======== Data for processing ========
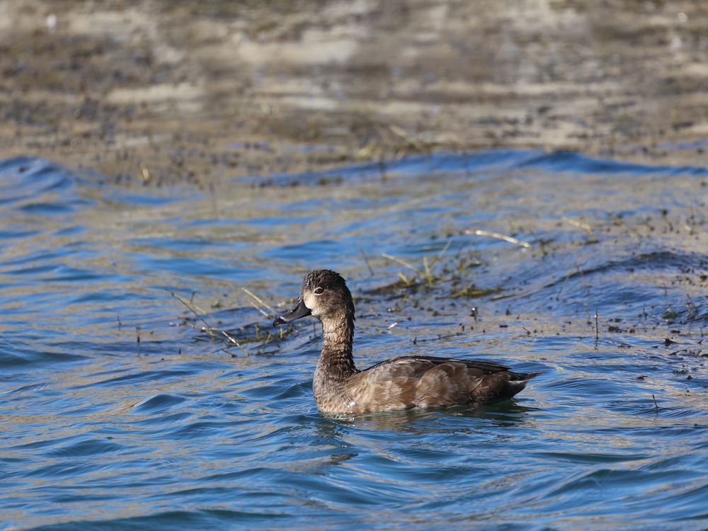 A female Ring-necked Duck in Lake Michigan alongside the pier.
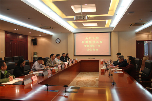 10月23日,福耀玻璃工业集团股份有限公司总裁叶舒一行来永利官网交流。永利官网党委书记吴学敏、副校长崔新明以及党政办、科技处、招就处、机械学院、电气学院等相关负责人接待了来宾。
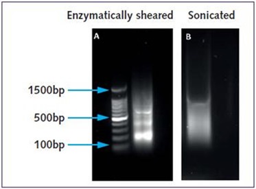 In the case of chromatin prepared through sonication, subsequent to cell membrane lysis, a suitable amount of Lysis Buffer was used to release nuclei and the isolated nuclear fraction was separated using centrifugation. The chromatin was sheared to obtain suitable fragment lengths of 100 to 500bp (Figure 2).
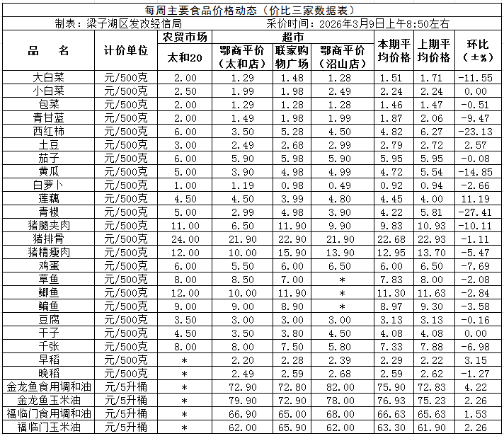 ·梁子湖区2026.3.9日主要食品“价比三家”数据表.xls
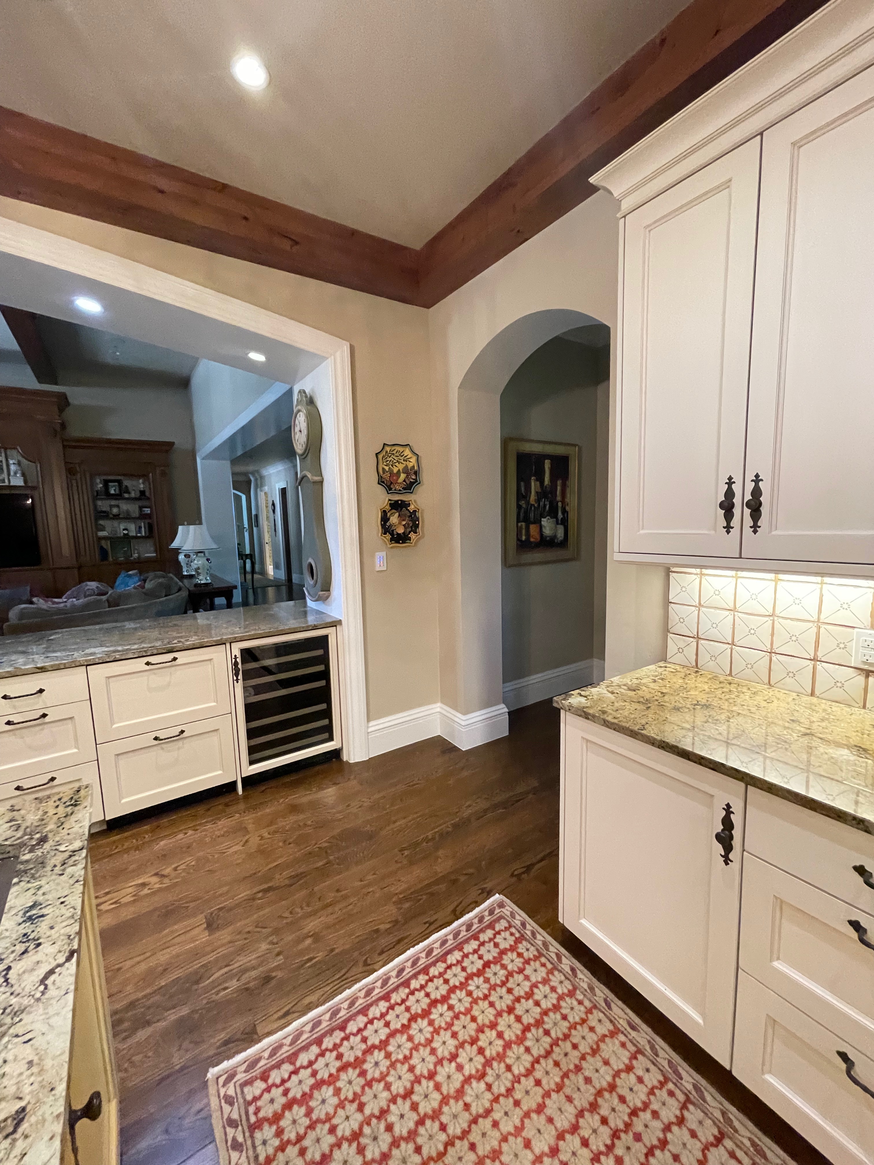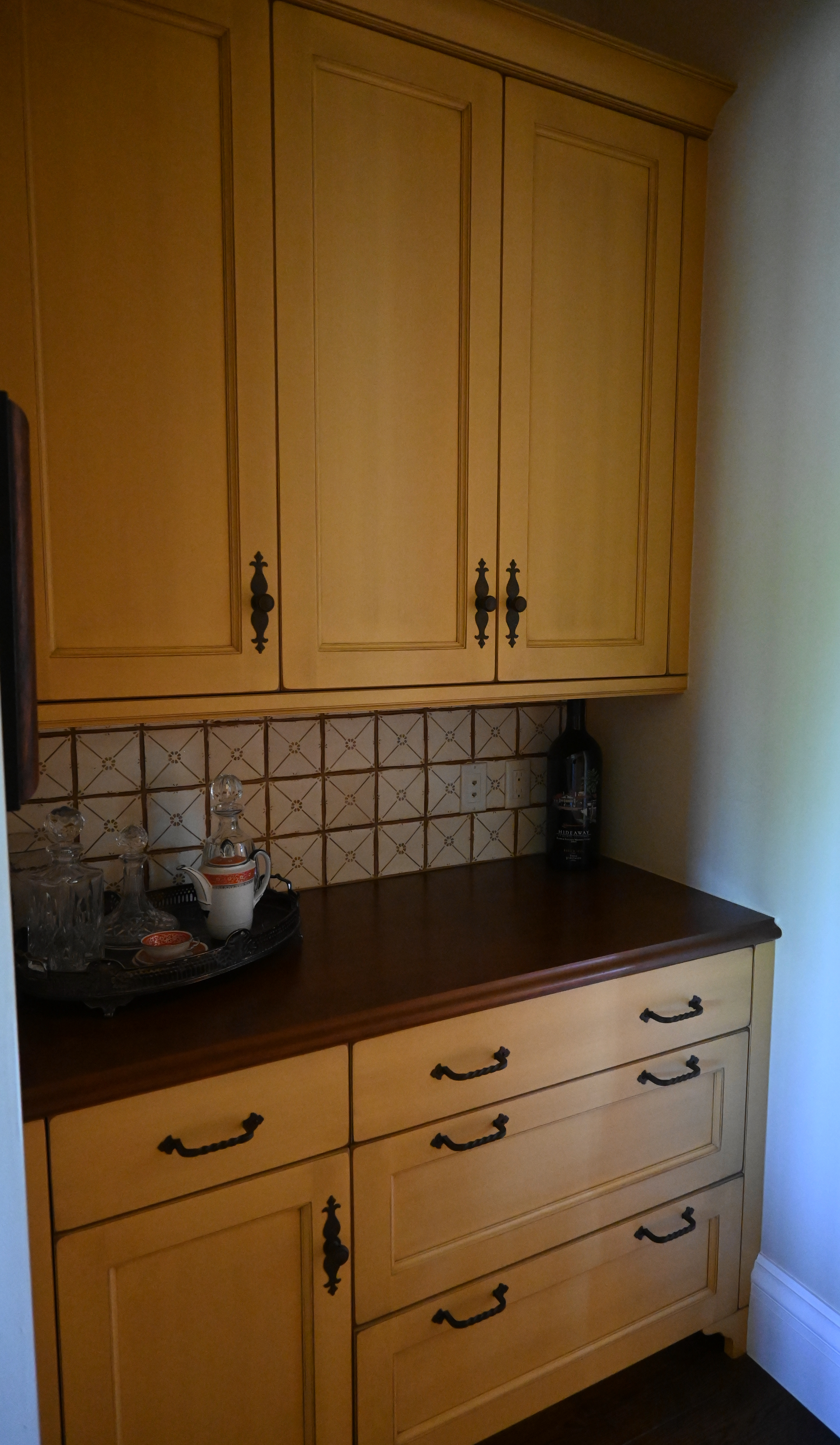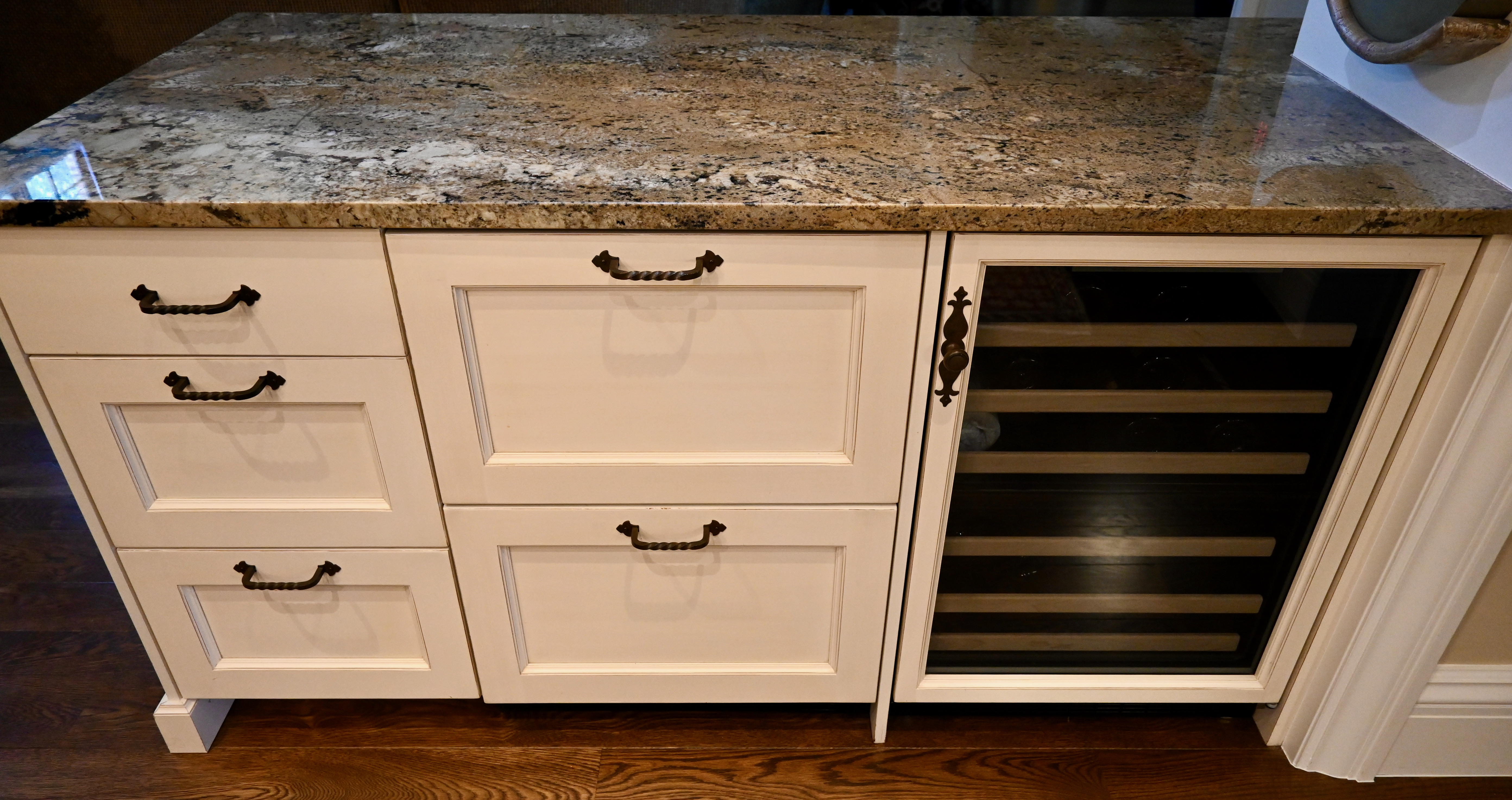 WINE BAR OFF THE KITCHEN-Off-white cabinets 69 ¾”w x 25 ¾”d
========
• _Task description_: Reproduce word for word the lines from the one containing "10月23日,福耀玻璃工业集" through the end of the data, both ends kept. Drop the pictures.

• _Task solution_:
 10月23日,福耀玻璃工业集团股份有限公司总裁叶舒一行来永利官网交流。永利官网党委书记吴学敏、副校长崔新明以及党政办、科技处、招就处、机械学院、电气学院等相关负责人接待了来宾。
 In the case of chromatin prepared through sonication, subsequent to cell membrane lysis, a suitable amount of Lysis Buffer was used to release nuclei and the isolated nuclear fraction was separated using centrifugation. The chromatin was sheared to obtain suitable fragment lengths of 100 to 500bp (Figure 2).
 ·梁子湖区2026.3.9日主要食品“价比三家”数据表.xls
 WINE BAR OFF THE KITCHEN-Off-white cabinets 69 ¾”w x 25 ¾”d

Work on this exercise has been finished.